Speaking on the state of the economy, Mr Antwi said the government’s promises of relief have not materialised, with the cost of living and lack of jobs leaving many families struggling.
“After nine months into Mahama’s government, the hardship hasn’t reduced,” he declared. The NPP stalwart argued that rising prices, coupled with stagnant incomes, were clear evidence of the government’s inability to address the economic challenges that affect households daily.
He maintained that the Mahama administration had yet to find effective solutions, noting that citizens continue to suffer under worsening conditions. Mr Antwi also accused the government of failing to deliver on the economic promises that secured its victory in the 2024 general elections.

He stressed that the NPP remains the only party with a proven record of “steering the economy through turbulent times,” and assured Ghanaians that the party was preparing to provide a stronger alternative ahead of the next polls.
His comments came shortly after President Mahama’s first media encounter on Wednesday, September 10, 2025, where the President gave assurances that the cedi would remain relatively stable.
He projected that depreciation would not exceed 5% annually, describing the fluctuations as part of a natural adjustment process rather than signs of fresh instability.
The President explained that while the Bank of Ghana (BoG) had intervened heavily in the first half of 2024, when the cedi depreciated by nearly 25%, it had since scaled down its interventions as the local currency showed signs of stabilising.

Expert Cautions
Reacting to the President’s remarks, Professor William Baah-Boateng, Vice Chancellor of the Methodist University of Ghana, welcomed the projection as encouraging for the economy.
“If the president aims to keep the exchange rate beyond 5% then that is excellent.
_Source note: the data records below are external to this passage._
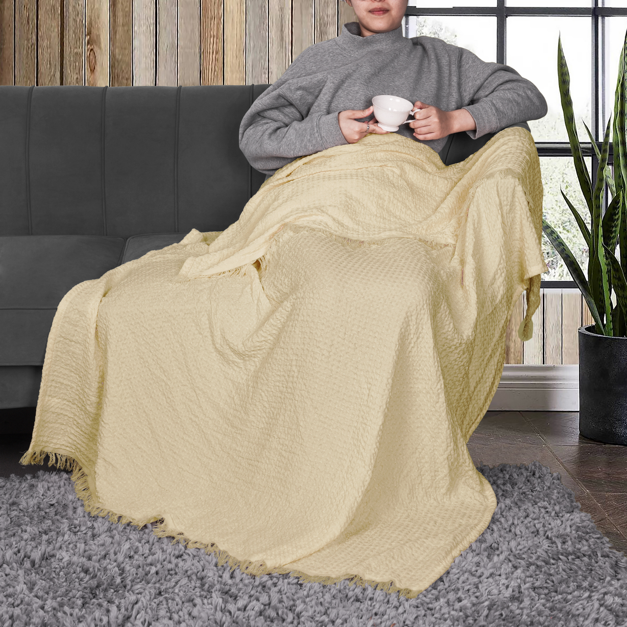 Tarrington House Плед вафельный бежевый из полиэстера, 130 x 170см
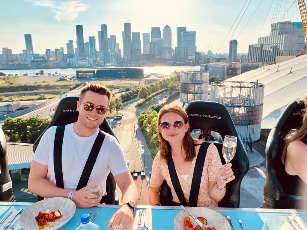 Diners meet just by the O2 arena, are strapped in using three harnesses then wooshed up by crane along with their table for panoramic views over the Canary Wharf, London docks and towards the City. The experience will run this year from 28 April to 20 June.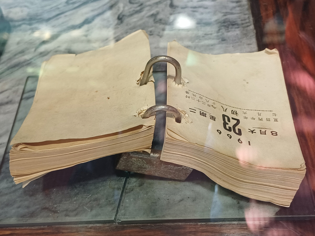 오래된 달력이 보였는데, 달력은 라오서 사망일인 1966년 8월 23일에 멈춰 있었다.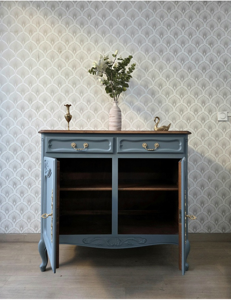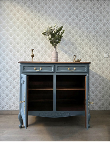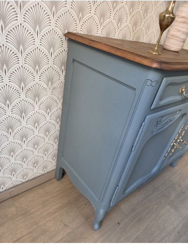 Un sublime buffet de style Louis XV. Une belle couleur bleu-gris qui s'associe à merveille avec son plateau en bois. La façade avant ouvrant par 2 tiroirs et 2 grandes portes. Très élégant et pratique en même temps, ce meuble sublimera votre intérieur et vous offrira un grand espace de rangement.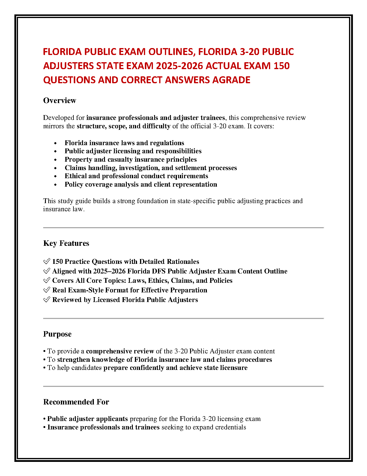 Ace your Florida 3-20 Public Adjuster licensing exam on the first try with our comprehensive 2025-2026 test bank! This up-to-date study guide features 150 real exam-style questions, complete with detailed, verified answers and rationales. Developed by licensed Florida Public Adjusters, this resource is perfectly aligned with the latest Florida DFS exam content outline. It covers all essential topics, including state insurance laws, adjuster responsibilities, claims handling, and professional ethics. Stop worrying about resits and start preparing confidently to earn your state licensure today!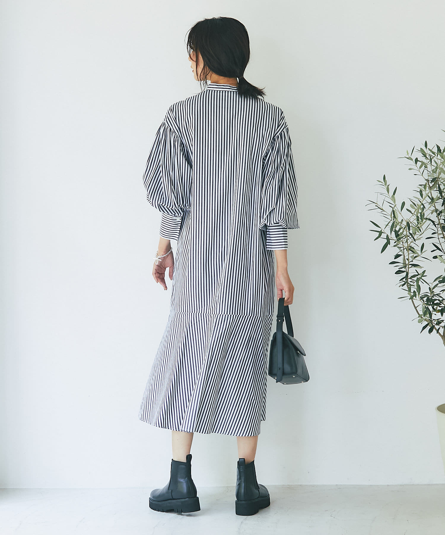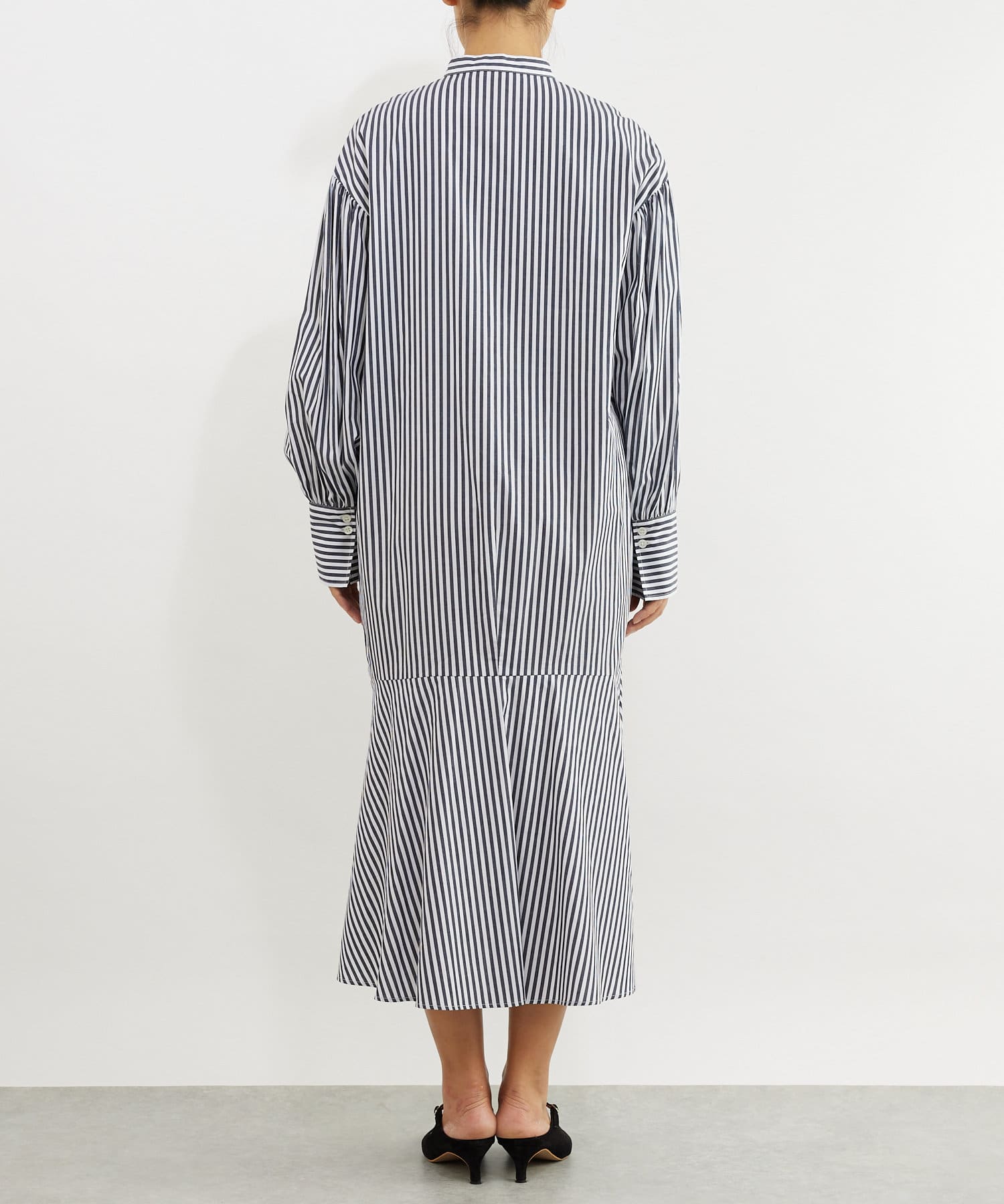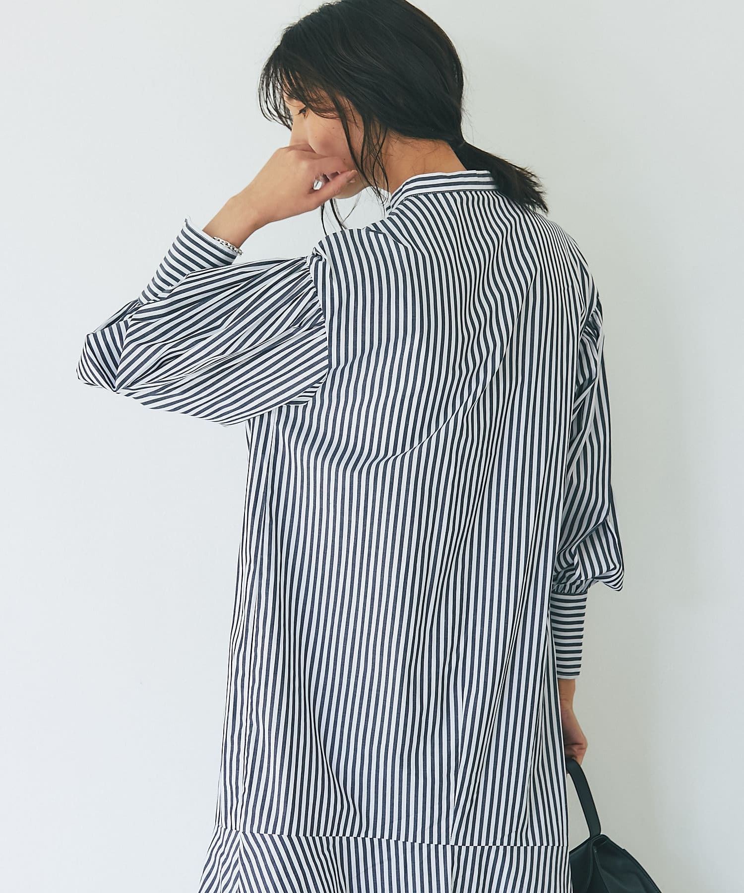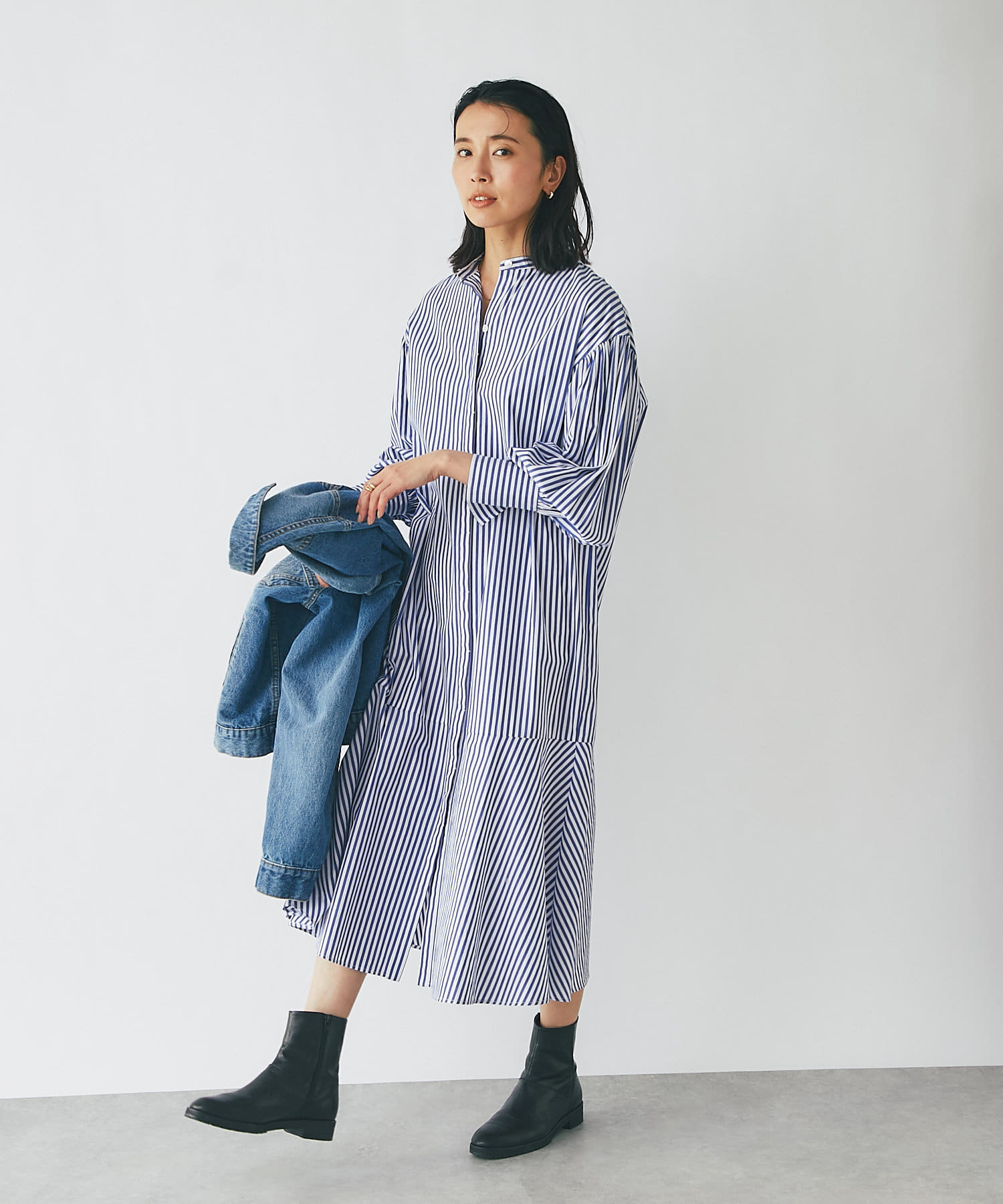 裾を切り替え、シルエットにこだわったシャツワンピース。

Now we are doing about GHS 12. When you take 5% off GHS 12, you are looking at about 60 pesewas. So, if the cedi hovers around 60 pesewas, then it is the same as stability. If we can work around that, then that is what we will all be happy about”
Professor William Baah-Boateng, Vice Chancellor of the Methodist University of Ghana
The economist credited recent progress on inflation to two main factors, including the currency’s relative stability and ongoing food supply from the harvesting season. “The appreciation of the cedi has contributed – and we have food in abundance” he noted.
However, he warned that the approaching festive season could heighten demand for foreign exchange and pose a challenge to the cedi’s performance.

“But what we have to work on is meeting the exchange demand that will come as a result of imports for the festivities. If the central bank can meet that, then we will be able to maintain it at that level”
Professor William Baah-Boateng, Vice Chancellor of the Methodist University of Ghana
The contrasting reactions highlight a growing debate over the trajectory of Ghana’s economy under Mahama. On one hand, experts such as Prof Baah-Boateng see cause for cautious optimism, citing exchange rate stability and better inflation control.
On the other, opposition voices continue to stress that macroeconomic gains have yet to ease daily struggles faced by ordinary citizens.
President Mahama’s projection of a more stable cedi appears designed to bolster confidence in Ghana’s financial management, while critics argue that structural challenges, including unemployment and high living costs, remain unresolved.
As the festive season approaches, the test of the currency’s stability and the government’s ability to meet exchange demands could shape public perception of its economic stewardship.